What is needed:
Once you reach the line with "кажется такой сказочной.", copy it and every line after it exactly, up to the end of the data. Omit the pictures.
BEGIN Records provided
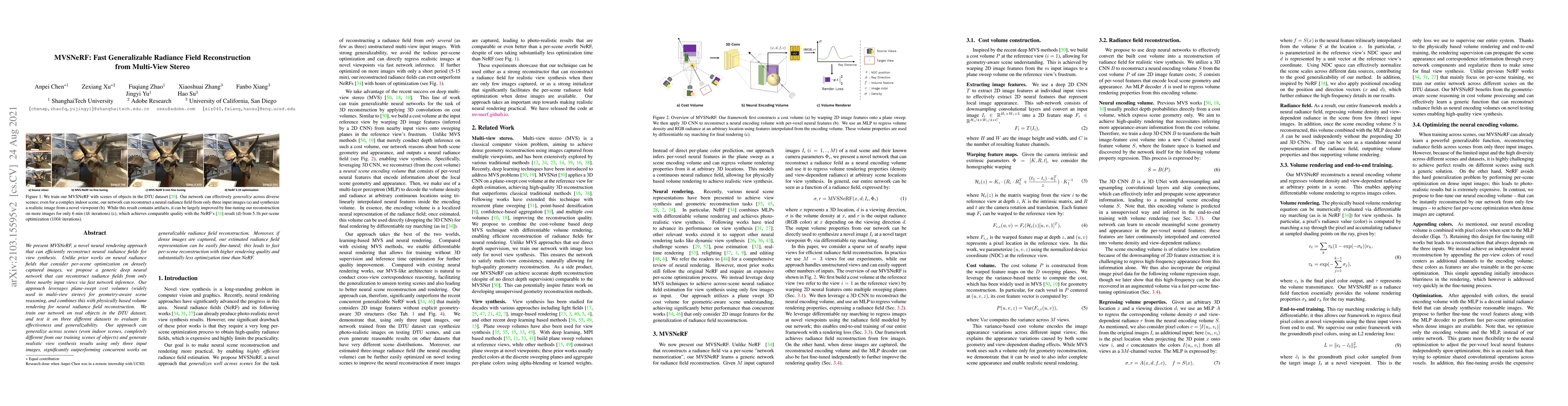 We present MVSNeRF, a novel neural rendering approach that can efficiently reconstruct neural radiance fields for view synthesis. Unlike prior works on neural radiance fields that consider per-scene optimization on densely captured images, we propose a generic deep neural network that can reconstruct radiance fields from only three nearby input views via fast network inference. Our approach leverages plane-swept cost volumes (widely used in multi-view stereo) for geometry-aware scene reasoning, and combines this with physically based volume rendering for neural radiance field reconstruction. We train our network on real objects in the DTU dataset, and test it on three different datasets to evaluate its effectiveness and generalizability. Our approach can generalize across scenes (even indoor scenes, completely different from our training scenes of objects) and generate realistic view synthesis results using only three input images, significantly outperforming concurrent works on generalizable radiance field reconstruction. Moreover, if dense images are captured, our estimated radiance field representation can be easily fine-tuned; this leads to fast per-scene reconstruction with higher rendering quality and substantially less optimization time than NeRF.
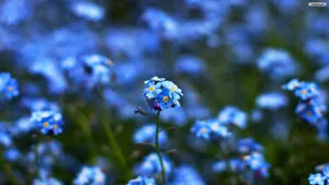 Blue Flowers In The Field With Dark Background Wallpaper -
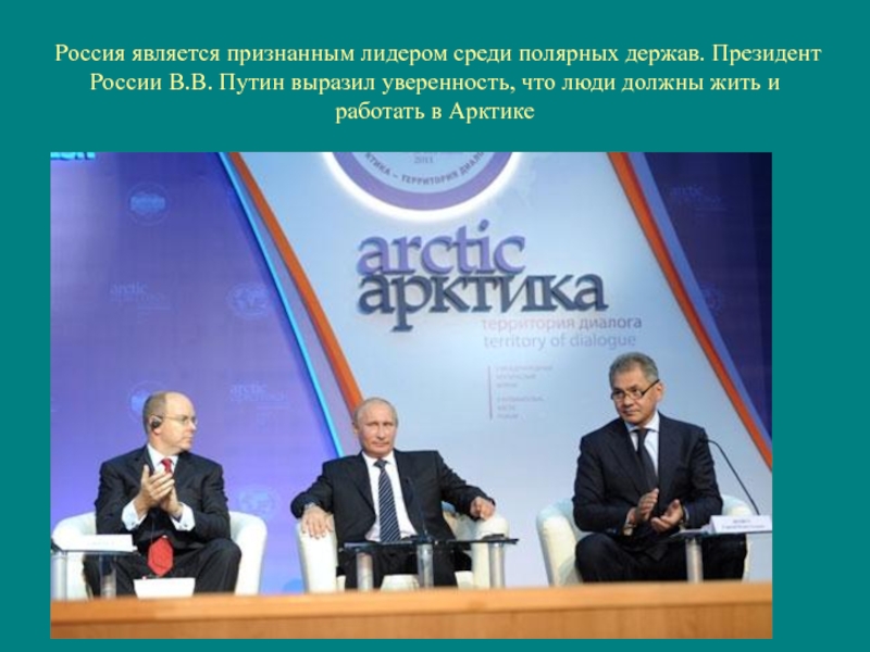 Россия является признанным лидером среди полярных держав. Президент России В.В. Путин выразил уверенность, что люди должны жить и работать в Арктике
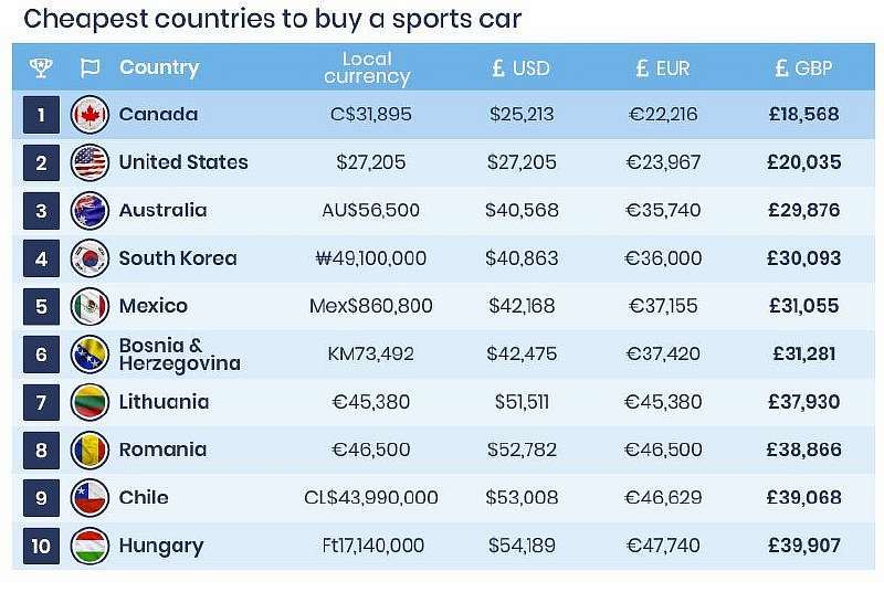 …в Канаде. Легендарный Ford Mustang тут внезапно стоит всего 25 000$. Чуть дороже придется заплатить за пацанскую мечту американцам. А с 3 места и дальше цена уже не кажется такой сказочной.
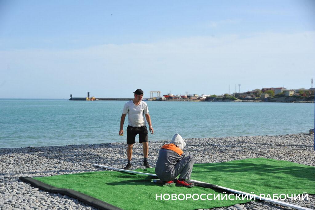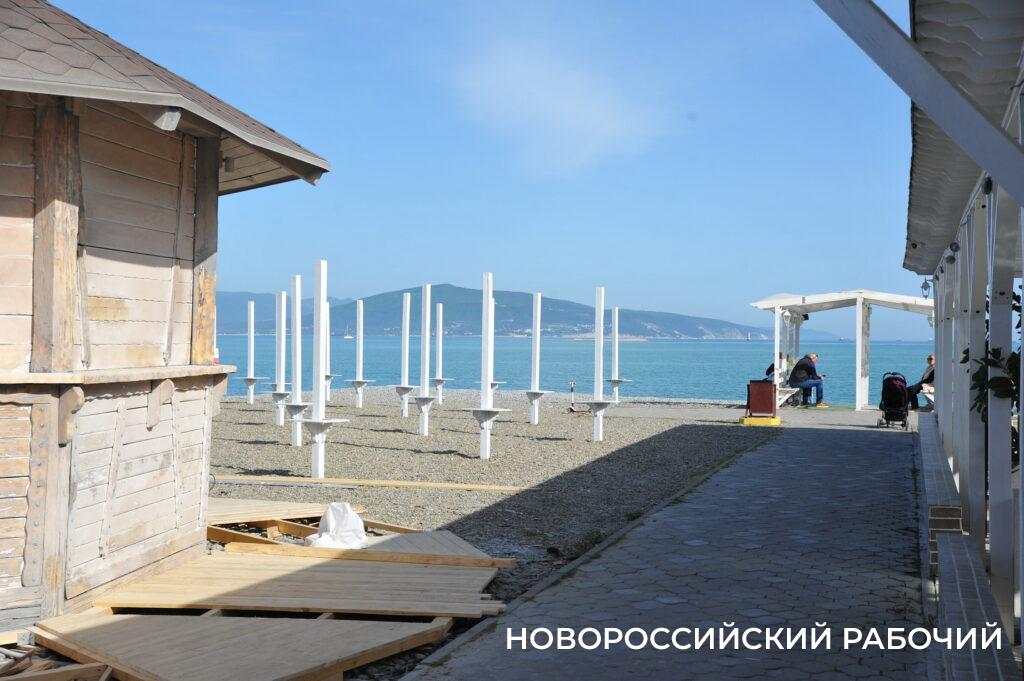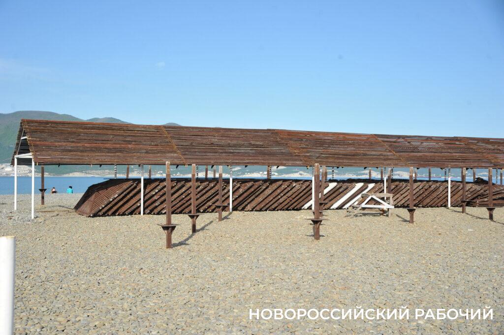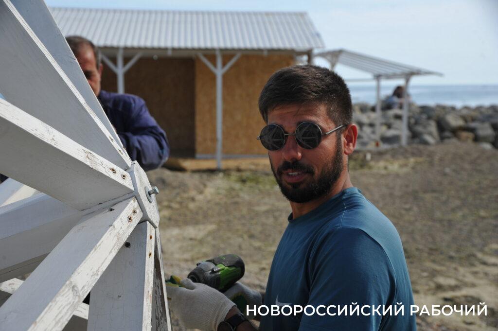Подхожу к рабочим, которые собирают деревянные зонтики, покалеченные штормом. Мастер Хареба Губешвилли говорит, что бригада будет стараться успеть их отремонтировать к майским праздникам, но не факт. Поэтому, отправляясь в Мысхако, захватите защиту от солнечных лучей.
END Records provided
The completed task:
 …в Канаде. Легендарный Ford Mustang тут внезапно стоит всего 25 000$. Чуть дороже придется заплатить за пацанскую мечту американцам. А с 3 места и дальше цена уже не кажется такой сказочной.
Подхожу к рабочим, которые собирают деревянные зонтики, покалеченные штормом. Мастер Хареба Губешвилли говорит, что бригада будет стараться успеть их отремонтировать к майским праздникам, но не факт. Поэтому, отправляясь в Мысхако, захватите защиту от солнечных лучей.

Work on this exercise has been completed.